At the end of the quarter, each group should prepare a separate report (one per group) discussing what was done for this extra work. This report should explain what was attempted, how the work was divided, and evaluate the results. The evaluation can include code samples, benchmarks or other measurements, and so forth. The report should not be too long -- a few pages may be enough. The idea is to communicate the work done to the reader concisely but with enough detail to evaluate it, and not so much that the reader struggles to figure out what is important.

This is only the second quarter that CSE M 501 has been offered and we have limited experience with these project extensions. It is possible that some of them may be too extensive to be done in a reasonable timeframe and (maybe) some will actually turn out to be too simple. Please stay in touch with the instructor as you go if you discover surprises or need to adjust plans in significant ways. We will be appropriately flexible in grading to take these issues into account.

Note that your compiler must still compile basic MiniJava programs correctly and the code should still pass any tests used during regular grading.
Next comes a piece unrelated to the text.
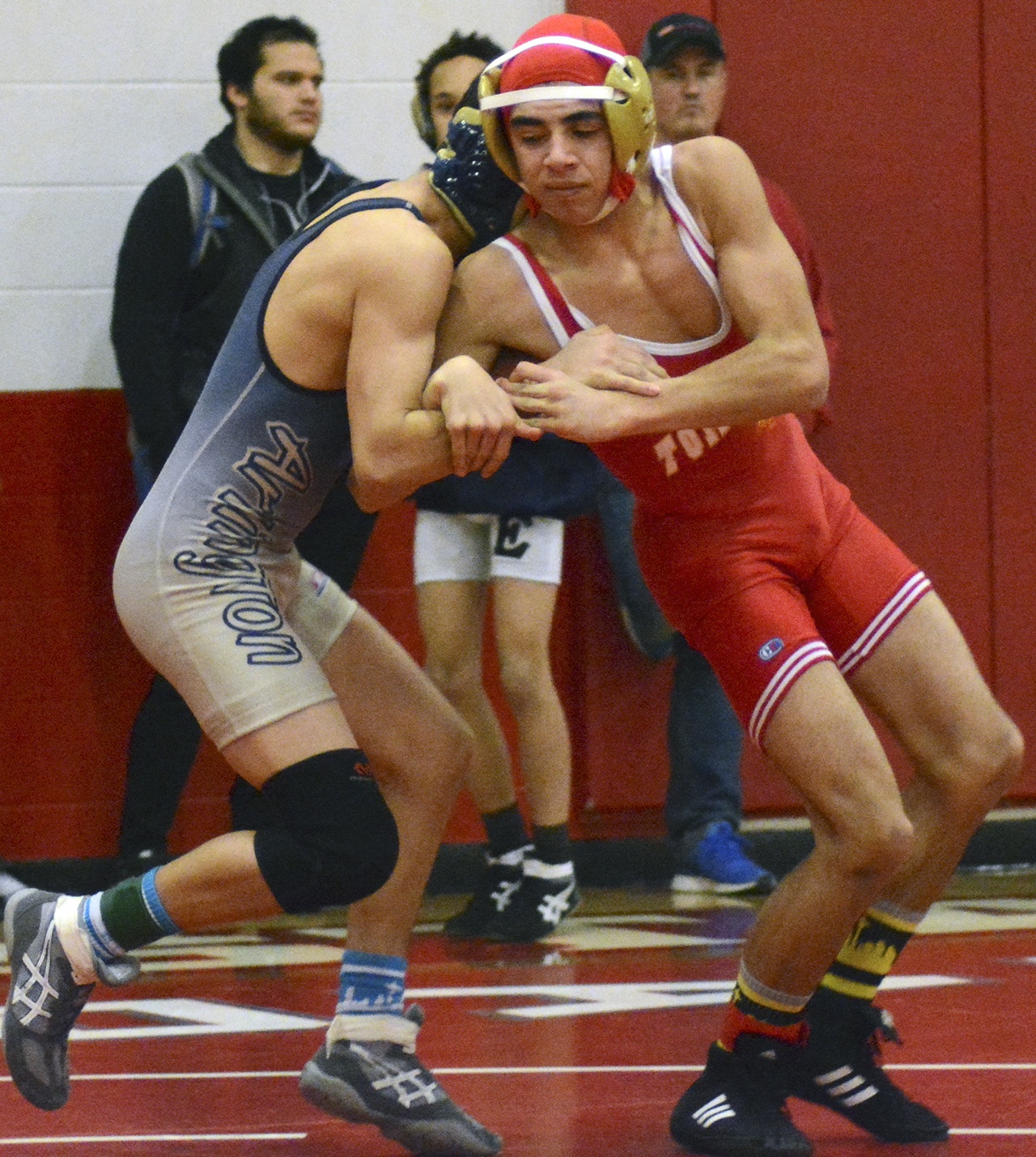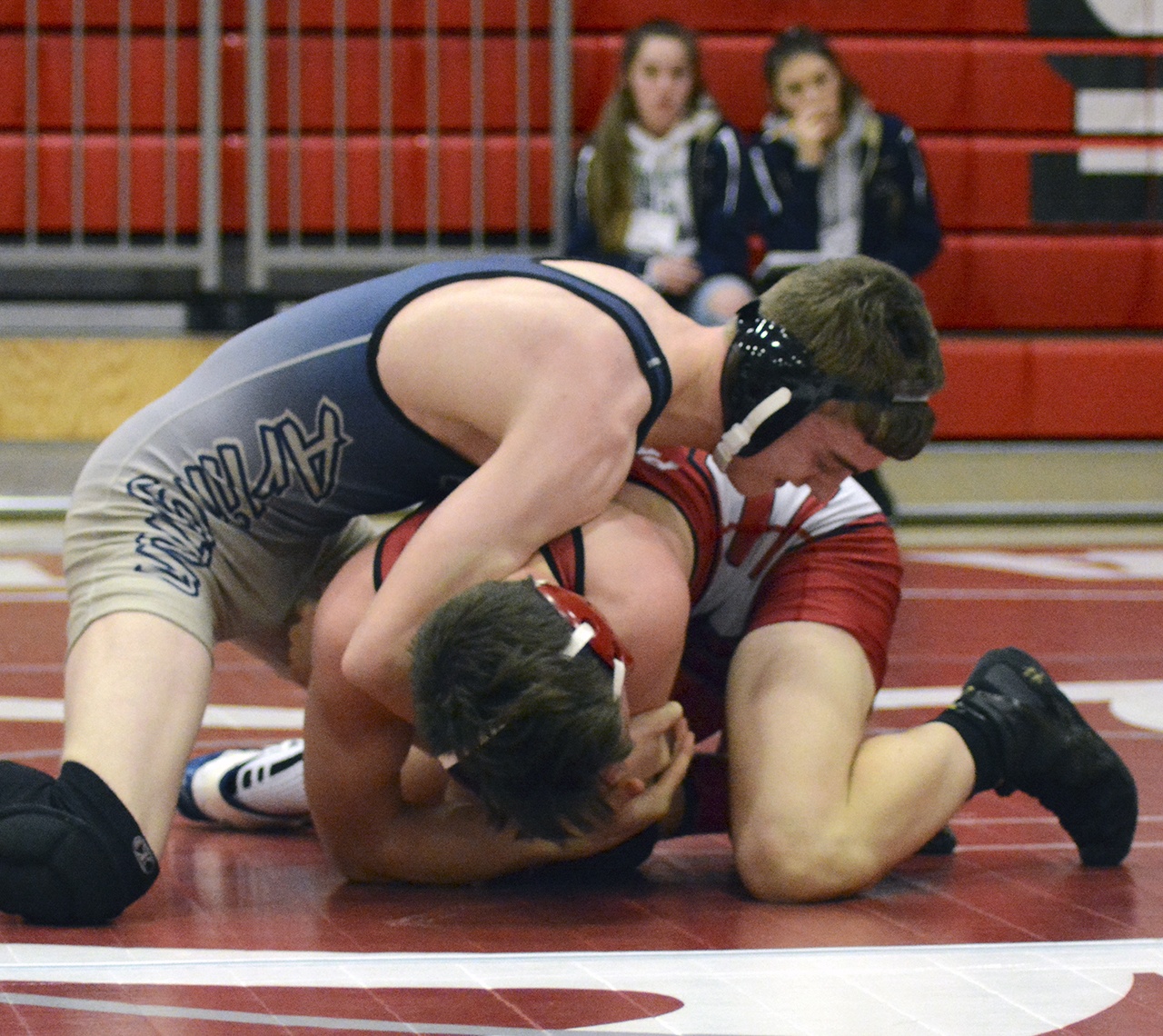 Local champions and second place bouts (both to regionals): 106—Cole Daurie (M-P) won by pin over Daniel Heiss (A) in one minute, two seconds; 113—Austin Davis (M-P) won by majority decision 20-11; 126—Christian Evanger (A) won by forfeit over Will Rush (A); 132—Baily Alvis (M-P), second; 138—Gavin Rork (A) won by dec. 6-1; Justin Collier (M-P), second. 160—Cooper McAuslan (A) won by injury default; 170—Keith Pablo (M-P) won by maj. dec. 9-1; 195—Colton Ferro (A) won by dec. 6-2; and 220—Charlie Diedrich (MG), second.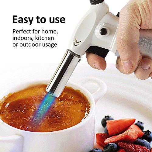 - MULTIFUNCTIONAL AND EASY TO REFILL: Chef culinary blow torch produces high temperature flames, ideal for soldering, welding, jewelry crafting and lighting the barbecue. Refilling is quick and easy using widely available BUTANE GAS FOR LIGHTERS. NOTE: BUTANE NOT INCLUDED.

The M501 project additions and an accompanying (relatively short) written report will be due at the end of the quarter as part of the final project and report. More details will be supplied later when those parts of the overall project are assigned.

Deadlines: The project extensions and the report should be combined with the final phase of the basic project and the basic project report, rather than being turned in separately. Deadlines are:

Final part of the basic compiler plus code for the M501 project extensions: pushed to your project group's gitlab repo and tagged additions-final, due by 11 pm, Saturday, December 8.
Combined report with basic project information plus description of the CSE M 501 extension implemented due by 11:59 pm, Sunday, December 9.

No late submissionswill be accepted for either the final compiler code or the final report.

Possible project extensions

Method overloading. Support method overloading following the normal Java rules for ordinary methods and classes. This would include allowing methods with the same name to have different numbers and/or different types of parameters in the same class, and also allowing methods in subclasses to overload, rather than override, superclass methods if their parameter lists differ.

Implementation will mainly involve additions to compiler symbol tables and the type checking rules. See the Java Language Specification sec. 8.4.9 on overloading and sec. 15.12 on method calls for the full rules (not all of which apply to MiniJava since we don't have interfaces or generic types, and don't have all of the primitive types included in full Java). Related reference sources will also be useful, as will writing and running small test programs using the standard javac compiler and java VM.

You will also need to do some work at runtime when generating code for methods and vtables. The biggest complication here is that each overloaded method will need its own unique assembly language label (name), and vtables will have to properly organize pointers to overloaded as well as simple methods. You might get some useful ideas for naming conventions from sections in the Java Virtual Machine specification. Sec. 4.3.3 describes method descriptors and sec. 4.3.2 covers field descriptors. Or you might find it easier to just create method labels like ClassName$foo$1, ClassName$foo$2, and so forth. In any case it will likely be helpful for debugging if you include comments in your generated assembly language code identifying overloaded methods precisely so you can be sure overloading is done correctly.
Code profiling/statement counting. Accumulate a count of the number of times each statement in a program is executed and print an annotated listing of the program showing this information. You will need to decide how to split the work between code generation, runtime execution (including possible additions to boot.c), and post-processing after the program terminates. A reasonable strategy for doing this is: (i) allocate an array of 8-byte ints with one entry per counted statement, (ii) zero out the array in the assembly code or at the beginning of execution, (iii) generate code at the beginning of each statement to increment the counter in the array for that statement, (iv) at the end of execution dump the counters and information that allows you to correlate counters in the array with source line numbers, and (v) merge the counter information with the original source file to produce that annotated listing. Don't worry about edge cases like lines that contain more than one statement.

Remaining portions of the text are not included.